Efficacy and Safety of a Single Dose of Dexamethasone Pre Docetaxel Treatment: the Auckland Experience

Abstract

ABSTRACT Aim: Auckland City Hospital implemented a change to single intravenous (IV) pre-medication (pre-med) 20mg dose of dexamethasone pre-docetaxel treatment, because of patient (pt) reports of un-wanted side effects of insomnia, reflux-oesophagitis, weight gain with multi-dose regimens, and treatment delays to missed oral pre-med doses of dexamethasone. The new pre-med regimen was based on data by Choudham, J Oncol Pharm Practice, 2011. Methods: An audit tool was developed and data were collected prospectively to identify the impact of symptoms and overall safety in pts receiving this regimen. All pts received outpatient treatment at 3 week intervals. 610 cycles of docetaxel were administered to 160 pts with breast, lung, prostate, head & neck cancer who received the following regimens; FEC-D, TC, TH, TCH, Docetaxel, Docetaxel/Carboplatin±trastuzumab, and TPF. Demographics; 126 female and 34 male, median age 53 years (range 28-78). 134 pts commenced treatment with single pre-med dose of dexamethasone (SD). Multi-day (MD) group comprised various IV/PO dexamethasone regimens ranging from day -1 to day 4 (n = 26). The MD group included prostate pts who received IV 20mg dexamethasone plus prednisone 5mg PO BD continuously. Oedema at/before cycle 3 in SD and MD groups were compared.
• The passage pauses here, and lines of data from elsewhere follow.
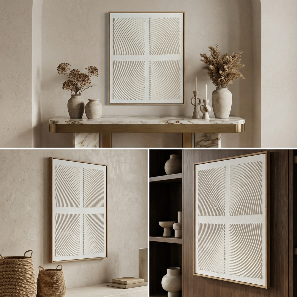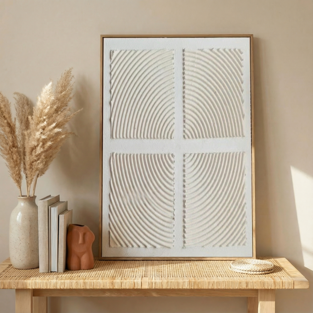 This artwork is created using sculpted paste techniques, divided into four textured quadrants where curved, repetitive lines interact with light and shadow. The result is a calm visual movement that adds depth and interest while maintaining a clean, minimalist presence.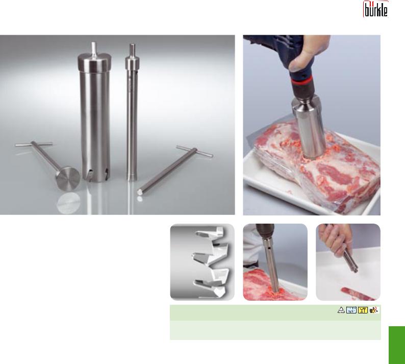 Пробоотборник «БифСтикер» (BeefSteaker) можно стерилизовать паром или на открытом пламени. Отверстие в режущей головке препятствует образованию избыточного давления и упрощает извлечение образца.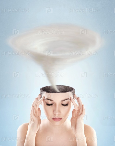Концептуальная фотография - торнадо в голове женщины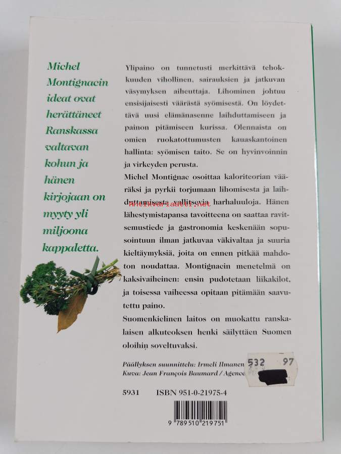 Syön hyvin ja siksi laihdunJe mange donc je maigris!KirjaMontignac, Michel ; Henkilö Mannerkorpi, Jukka,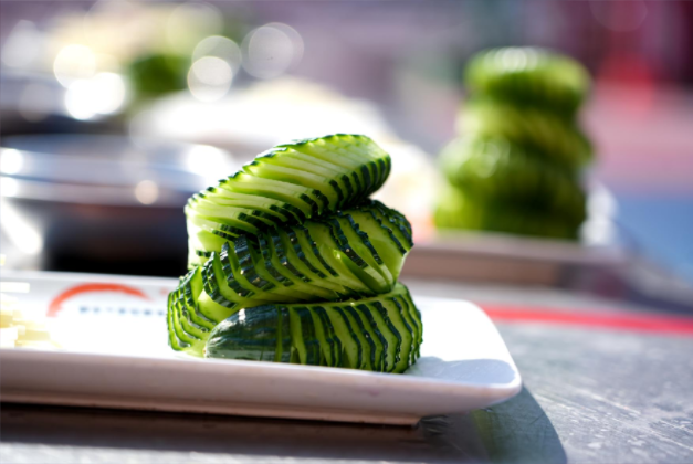 蒙眼蓑衣黄瓜与文思豆腐项目尤为精彩。蓑衣黄瓜需下刀深浅一致,提拉不断,舒展自如;文思豆腐则在方寸之间展现极致刀工,豆腐入水顷刻绽放如花。整个赛场节奏有序,选手们将平日苦练的汗水,凝结为一件件砧板上的艺术。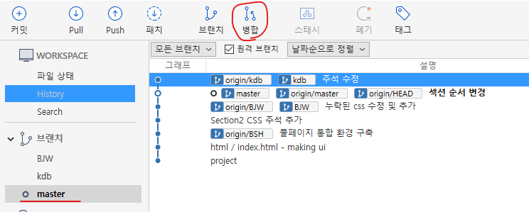 병합할 커밋을 선택 한 후 '확인'을 누르게 되면 마스터 브랜치(로컬)**** 에 병합이 된다.

Results: Infusion hypersensitivity reactions (HSR) occurred in 17 cycles (3%) and in 13 patients (8%). 1 pt experienced a severe reaction, leading to treatment discontinuation. Docetaxel was successfully re-administrated after corticosteroids and anti-histamine in all 16 mild/moderate HSR. No HSR occurred after cycle 4. Only 1 pt experienced a weight gain of >10%. Oedema Cycle 3 Nausea & vomiting Cycle 1 Hand/foot syndrome (HFS) Cycle 1 SD 11% 32% 29% MD 12% 35% 11% Conclusions: Single dose dexamethasone is an acceptable first-line pre-med for docetaxel, with the option of adding in additional doses as required. Rates of oedema, N&V and weight gain were comparable to MD regimens. Infusion HSR rate is low and acceptable. Anecdotally it results in less insomnia and reflux-oesophagitis, though a formal comparison would be required to demonstrate this conclusively with validated tools. HFS appears to be more common. Disclosure: All authors have declared no conflicts of interest.